Largest coral dinosaur foot skin skin fossil found
PKNU Professor Baek In-Sung’s research paper, published in Nature Sisters

△ Footprints of sauropod dinosaurs found in Haman-gun, Gyeongnam Province, and impressions of plantar tissues of the plantar surface, which are clearly preserved in the cast (provided by Caucasian et al. (2017) Scientific Repository)

Pukyong National University Baek In-Sung Professor (Department of Earth and Environmental Sciences) has attracted academia’s interest in discovering fossil impression of footprints of dinosaur footprints with very clear traces of plantar skin tissue.


△ Baek In-Sung Professor. Photo ⓒ Lee Sung Jae (Public Relations Team)
The research paper, which was supported by the Korea Research Foundation, was recently published in the "Nature" sister "Scientific Reports".

The fossil footprints that were discovered this time are the largest and most obvious fossil carcass traces that have ever been reported in the world. It is valued as valuable material to know about dinosaur ecology of 100 million years ago (Cretaceous).

While investigating the Cretaceous sedimentary layer (Haman Formation) in the Haman County area of Gyeongnam Province, Professor Baek discovered this footprint skin impression fossil in the rocks recovered at the construction site.

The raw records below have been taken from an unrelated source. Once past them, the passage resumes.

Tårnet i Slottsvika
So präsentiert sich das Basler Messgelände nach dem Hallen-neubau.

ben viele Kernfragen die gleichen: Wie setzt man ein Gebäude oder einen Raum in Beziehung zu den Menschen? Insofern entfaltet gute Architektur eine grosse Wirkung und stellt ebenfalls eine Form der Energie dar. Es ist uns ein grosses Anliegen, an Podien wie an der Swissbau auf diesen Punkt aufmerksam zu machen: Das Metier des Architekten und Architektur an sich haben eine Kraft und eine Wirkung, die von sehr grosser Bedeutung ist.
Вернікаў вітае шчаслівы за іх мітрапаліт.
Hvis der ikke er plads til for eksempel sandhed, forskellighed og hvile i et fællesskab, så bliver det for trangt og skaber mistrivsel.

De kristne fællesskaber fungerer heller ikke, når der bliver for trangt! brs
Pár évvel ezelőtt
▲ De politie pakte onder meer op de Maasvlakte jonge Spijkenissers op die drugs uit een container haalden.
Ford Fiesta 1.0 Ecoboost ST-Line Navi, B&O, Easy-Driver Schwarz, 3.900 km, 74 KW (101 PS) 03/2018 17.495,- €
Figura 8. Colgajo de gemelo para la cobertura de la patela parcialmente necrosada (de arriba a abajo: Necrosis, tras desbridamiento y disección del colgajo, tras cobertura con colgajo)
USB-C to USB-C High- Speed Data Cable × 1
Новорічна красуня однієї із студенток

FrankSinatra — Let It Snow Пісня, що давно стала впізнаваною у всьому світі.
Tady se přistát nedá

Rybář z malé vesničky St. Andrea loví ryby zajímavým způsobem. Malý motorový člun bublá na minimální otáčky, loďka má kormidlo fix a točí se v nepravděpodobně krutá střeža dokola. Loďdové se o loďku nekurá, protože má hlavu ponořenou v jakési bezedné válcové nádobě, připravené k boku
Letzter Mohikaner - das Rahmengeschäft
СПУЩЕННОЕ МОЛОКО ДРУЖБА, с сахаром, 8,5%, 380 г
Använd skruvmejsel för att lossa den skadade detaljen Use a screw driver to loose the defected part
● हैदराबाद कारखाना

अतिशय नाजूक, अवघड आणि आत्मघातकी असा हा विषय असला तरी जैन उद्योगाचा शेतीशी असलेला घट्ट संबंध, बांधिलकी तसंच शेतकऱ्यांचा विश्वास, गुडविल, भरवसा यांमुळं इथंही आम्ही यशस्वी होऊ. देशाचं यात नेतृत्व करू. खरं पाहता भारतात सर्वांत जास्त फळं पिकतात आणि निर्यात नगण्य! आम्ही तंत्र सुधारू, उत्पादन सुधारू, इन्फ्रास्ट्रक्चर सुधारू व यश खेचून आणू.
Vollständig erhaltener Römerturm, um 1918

This fossil is more than 50 cm in diameter and has a hexagonal irregular skin structure with a width of 6 ~ 19 mm in width and a honeycomb pattern in the footprint. This pattern is similar to the foot of a modern elephant.

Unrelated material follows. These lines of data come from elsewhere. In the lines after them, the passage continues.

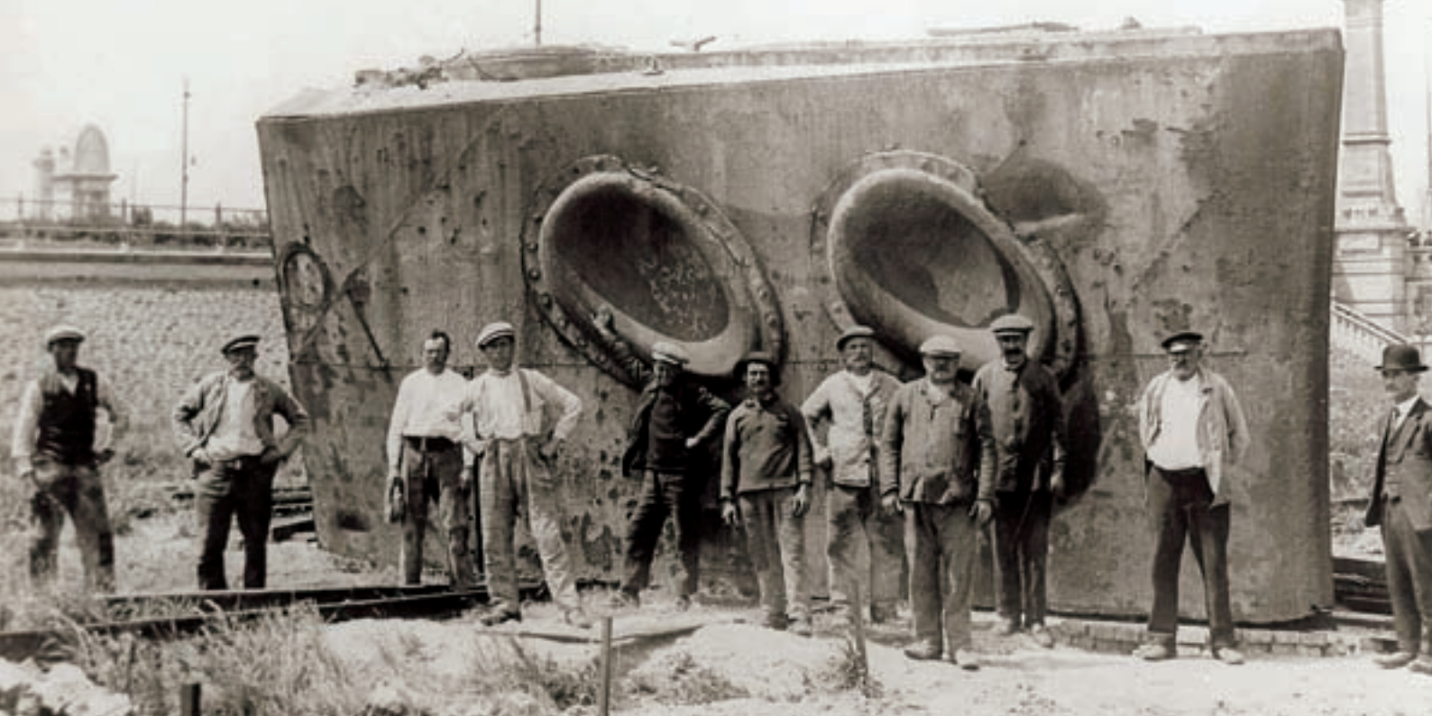
■ Aufstellen des Bugs der Vindictive als Monument in Oostende
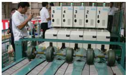
クリの内部の品質を測定することができるカメラの部分新たに導入された選果機は、光センサーによりクリ内部の品質を測定するカメラを備えており、外観だけで選果してきたこれまでに比べて更なる品質の向上が期待されます。

しかしながら、今後の高齢化に伴い、家庭選別作業が困難となることが予想されるため、選果レベルの向上と労力の軽減を図り、産地の維持拡大を図るため、新たにクリ選果機を導入しました。
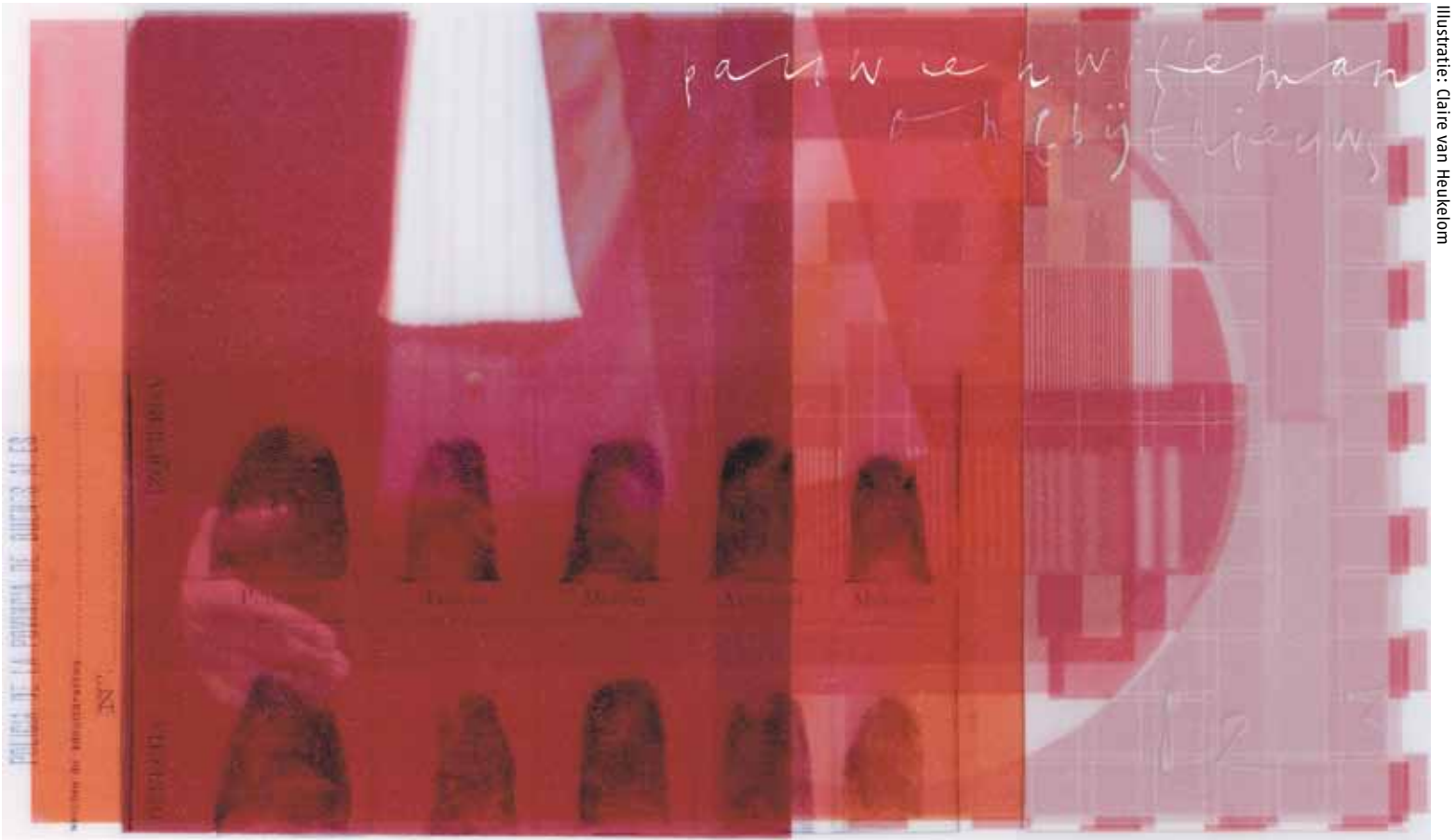
Illustratie: Claire van Heukelom

Dus het komt in belangrijke mate neer op de advocaat. Je moet het alleen doen als je vindt dat je iets te zeggen hebt, of als je denkt dat je daarmee een te eenzijdig beeld in de pers kunt voorkomen. Waar je beducht op moet zijn, is het element van ijdelheid dat kan meespelen. Mensen vinden het toch mooi om in de krant te komen. Dat mag, iedereen is ijdel, ik ook. Maar het mag niet het motief zijn, het moet wel ergens over gaan.'

"There are so many dinosaur footprints found all over the world so far, but it is very rare that the skin marks in the footprints are preserved," said Professor Baek. "This is because of the thin mud covering the sand in relatively dry climates, It also turned out that the condition of preserving the skin-impression fossils such as the skin of the soles is slowed down when the dinosaurs slowly walk on the mud in which the microorganisms are inhabited."

The researchers analyzed that the dinosaurs developed a multi-faceted irregular skin structure across the sole that allowed the dinosaurs to increase their friction with the surface and walk without slipping in pearls or mud.

Professor Baek said, "The development of multi-faceted irregular skin tissue on the soles of dinosaurs in the latter half of the Mesozoic era, including the Cretaceous period, seems to be related to the extension of dinosaur habitats from the forests to the developed plains of lakes and plains." said. <Pukyong Today>



△ Footprints of sauropod dinosaurs found in Haman-gun, Gyeongsang Province, and tissue impression of plantar surface of uneven surface of the casts (provided by Caucasian et al. (2017) Scientific Repository)

△ Reproduction of the soles of herbivorous dinosaurs (southern dinosaurs) that lived in the southern part of the Korean peninsula at the time of the Cretaceous (Yoo Hyunjeong, provided by Caucasian et al. (2017) Scientific Repository)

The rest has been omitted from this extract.